Science gives us more options, which is not a moral issue at all and only reflects positively on it. It allows us to live longer, remain more functional, and it makes life easier, safer, more comfortable, more efficient, and more interesting.
And your Christian morality, which is based in ancient, received values from people who didn't know where the rain came from or where the sun went at night, is not my humanist morality, which is based in reason applied to empathy and justice. I consider the American Christian position on abortion immoral.
Once again, not a moral issue regarding the science, but rather, its application.
And once again, I see the Christian attitude immoral and worse, its actions persecuting these people even more immoral. But then again, I'm a humanist, and my values come from a sense of empathy and justice, not ancient superstitions.
What you describe - avoiding STDs because they are diseases - is not moral behavior. It's just good hygiene.
And yet again, YOUR moral values are for YOU. They're not mine.
Also, sexual abstinence is not a virtue, and you can still catch a STD such as HIV being monogamous if your partner isn't.

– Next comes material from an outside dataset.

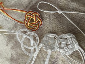 そのあとで本番の水引三本を使って梅結びまでを完成させました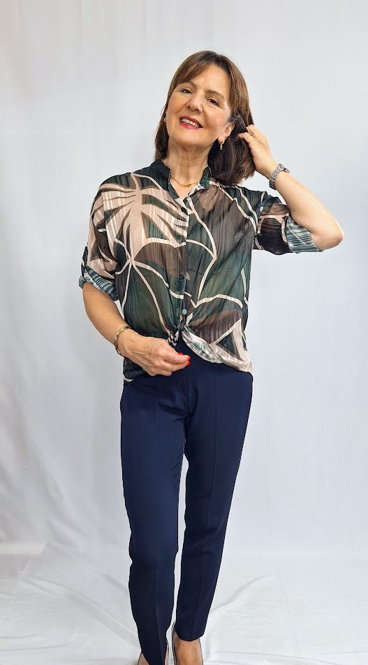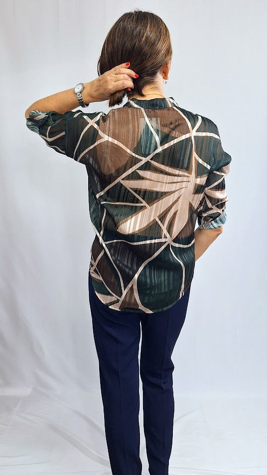 La camicia "Aurora" è realizzata in morbido chiffon, caratterizzata da un collo coreano elegante e una fantasia astratta arricchita da un leggero filo lurex che dona un raffinato tocco luminoso. Le maniche lunghe offrono praticità e stile, con la possibilità di essere legate grazie a un bottoncino, per un look versatile e curato in ogni dettaglio. Perfetta per chi cerca un capo sofisticato e leggero, adatto a diverse occasioni.

War, along with the other causes of premature death common in biblical days such as high infant mortality, high maternal death during childbirth, and infection, is why we have to contend with ancient, primitive Christian values regarding sex. The ancients needed every fertile womb (except those of nuns, whose babies would have to be supported by the church along with their mothers) to churn out a baby every year, and anything that interfered with that was declared immoral - maidens remaining unmarried and childless, wives refusing sex to their husbands, masturbation, homosexuality, the rhythm method, early withdrawal, and in more modern times, medical abortion and artificial contraception, were all deemed immoral.
Worse, Christians perpetuate these values mindlessly today - a time when we need fewer people on the planet. In the States, they're back to forcing unwanted pregnancies to come to term as if those new people were still needed to prevent the tribe from going extinct or being made slaves as could happen in antiquity following an insufficiently defended invasion, when these rules were of practical value and importance.
Adultery and fornication didn't make that list. They were declared immoral not because of population concerns, but because of paternity and inheritance concerns.